One stage, intentional practices are those that we choose to do to transform the way we show up in the world. Through new practices we increase choice and alignment with our values. To garner a change in our criminal justice system and make it just, we must practice, ultimately controlling the functioning of our minds.

As a Black woman, I considered the expectations I have for myself, for my daughter, and for my country. I see how women of color are held to impossible standards and the suffering they endure when they fall short of imposed expectations. As a legal professional, I contemplated my responsibility to our criminal legal system, a system that often holds the lives of individuals and concerns the basic right of freedom in human hands. As a DEI professional, I envisioned my capacity to help clear the fog associated with bias and center marginalized perspectives for privileged identities. Despite being told “no” or to “stay in your place,” I know that “we shall overcome.” Remaining grounded in optimism, faith, truth, and service, I might be exhausted but I am not finished, because this is the moment in the American experiment that I was made for. This is the moment where the foundational principles of justice, fairness, diversity, equity, and inclusion are more important than ever. This is why it is imperative to follow ABA Resolution 107 and make DEI training a mandatory component of attorney training. ABA Resolution 107 (adopted Feb. 8, 2016). “The light of America’s promise will always burn bright as long as we never give up and as long as we keep fighting.” Vice President Kamala Harris.

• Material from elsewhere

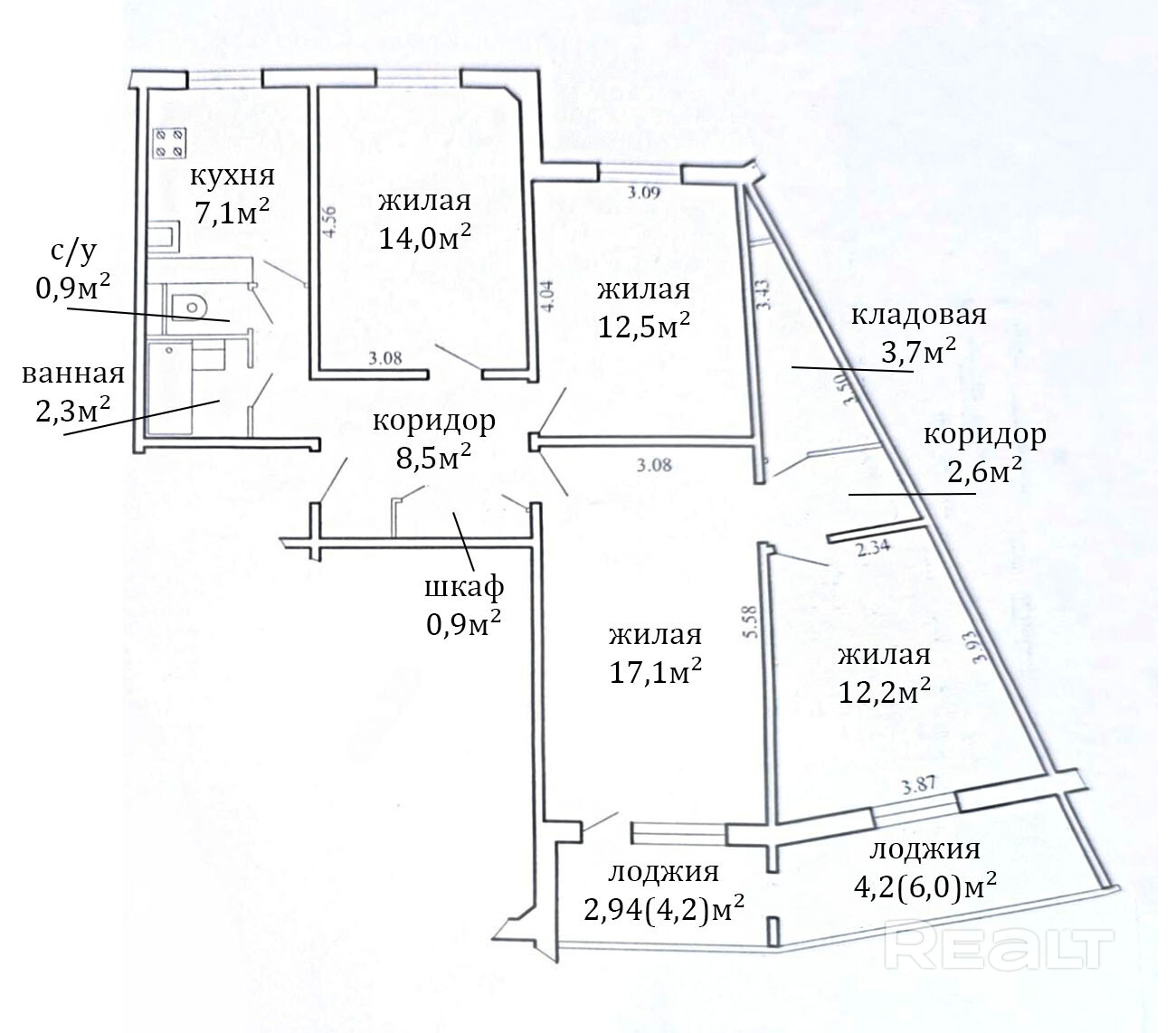7.1 м²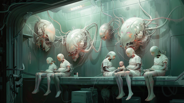 I definitely get a combination feeling of Matrix/Total Recall here. Great detail and coloring. The premise itself is very foreboding and you bring that across with the darker, dirtier tones you've used. Excellent work.

Addressing these five DEI myths can help us to better understand our multifaceted selves and value the labor of all the perspectives in the theater. Considering the bias underlying the foundation of our legal analysis can help us see more clearly and engage more critically with ourselves and others, not just as stakeholders in this system, but as multifaceted individuals. A color-conscious ideology, grounded in the principles of fairness and justice that leads to a cultural cohesion in our system where we recognize and value other perspectives and the flaws in our own, with unrelenting conscious practice may lead to a better, more equitable legal system. An improved understanding of ourselves and an improved appreciation of other perspectives will produce better results in our legal system and ultimately a better America.